Mitchel Brown

Personal information
- Full name: Glen Mitchel Brown James
- Date of birth: 16 July 1981 (age 44)
- Place of birth: La Ceiba, Honduras
- Height: 1.83 m (6 ft 0 in)
- Position: Striker

Youth career
- Victoria Leyde

Senior career*
- Years: Team / Apps / (Gls)
- 2000: Derthona / 15 / (7)
- 2001: Brescia
- 2002–2004: Suchitepéquez /  / (45)
- 2004–2005: Motagua / 7 / (1)
- 2005–2007: Victoria / 69 / (16)
- 2007: Marathón / 18 / (8)
- 2007–2008: Tatran Prešov / 20 / (7)
- 2008: Qingdao Jonoon / 23 / (7)
- 2009: Marathón / 34 / (13)
- 2010–2011: Hunan Billows / 39 / (20)
- 2012: Marathón / 34 / (8)
- 2013–2014: Hubei China-Kyle / 15 / (6)
- 2014: Marathón / 12 / (1)
- 2015: Vida / 6 / (0)

International career^{‡}
- 2008–2013: Honduras / 3 / (0)

= Mitchel Brown =

Honduran footballer (born 1981)

Glen Mitchel Brown James (/es/; (Note: In isolation, Brown is pronounced /es/.) born 16 July 1981), nicknamed "El Depredador" (The Predator), is a Honduran professional footballer.

==Club career==
A much-travelled forward, Brown has played in Italy, Guatemala, Slovakia and China along with his native Honduras.

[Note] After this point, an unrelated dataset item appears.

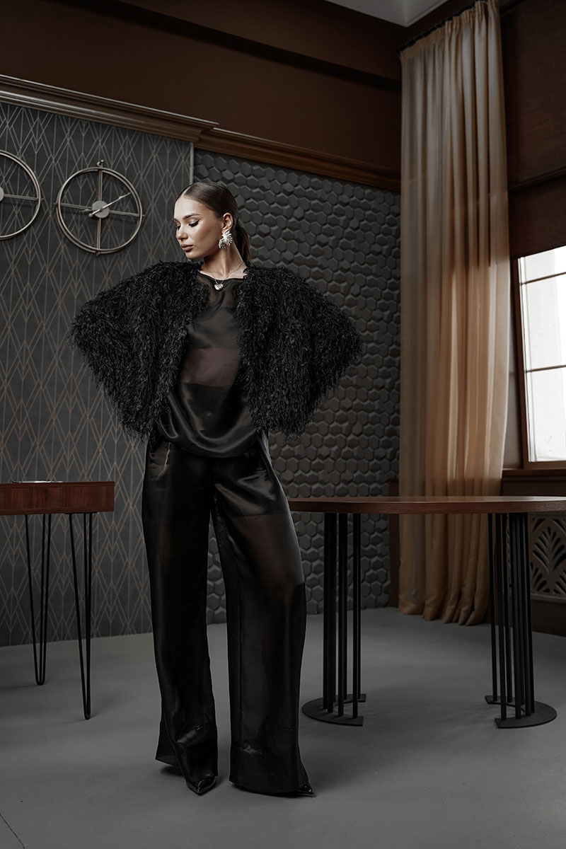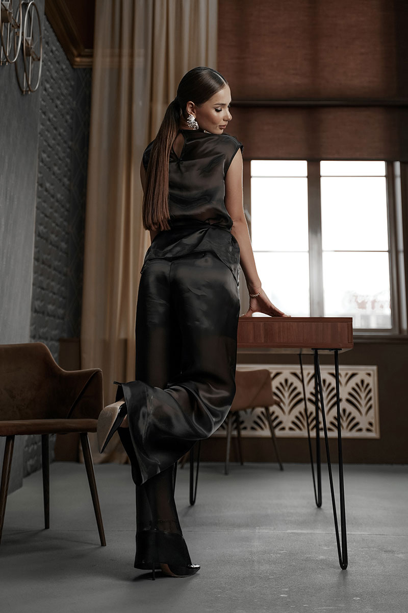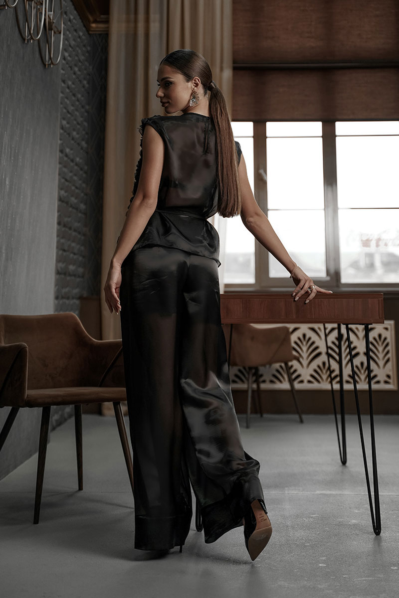 Брюки из нарядной полупрозрачной ткани «органза», прямые, широкие. Средняя посадка, пояс притачной, застежка спереди на молнию и декоративную пуговицу. Брюки с глубокими складками по переду. Брюки на подкладке в виде шорт.
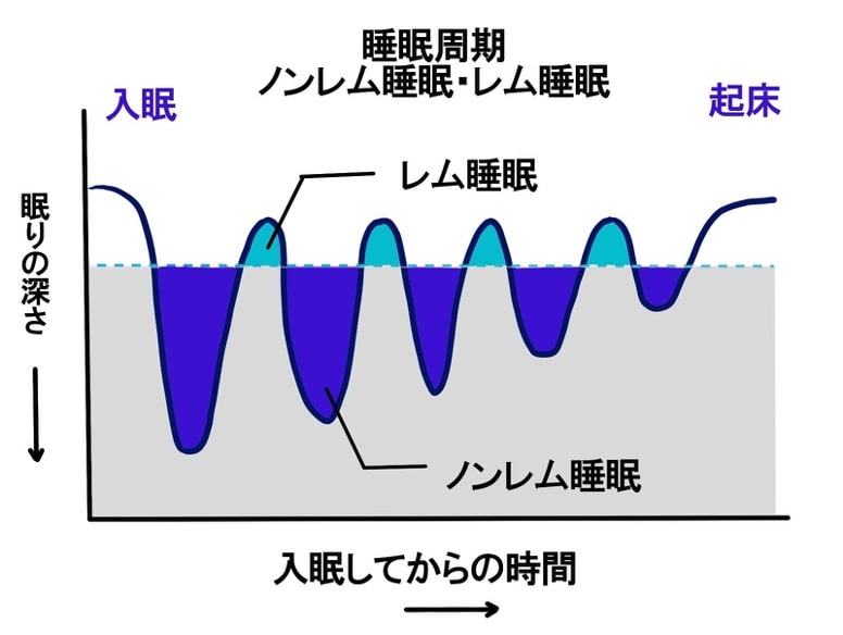 また、入眠後は一気に一番深い「ノンレム睡眠」に入りますが、このスムーズな入眠ができないと質の良い睡眠をとることができません。

His first goal was against Universidad playing for F.C. Motagua and after scoring he was expelled for taking off his shirt. He joined Qingdao Jonoon in 2008. He scored his first goal on the club on April 9, 2008.

===China===
Brown signed a contract with Hunan Billows in February 2010. He made his China League One debut for Hunan against Shenyang Dongjin on 3 April. Brown scored his first goal for the club on his fourth appearance, in a 2–1 home win against Shanghai East Asia on 22 April. In the 2010 league season, Brown was the top scorer of the club. He scored 7 goals in 19 appearances and won a new contract of the club. In January 2011, Costa Rican club L.D. Alajuelense was reported to be interested in Brown but a deal never materialized.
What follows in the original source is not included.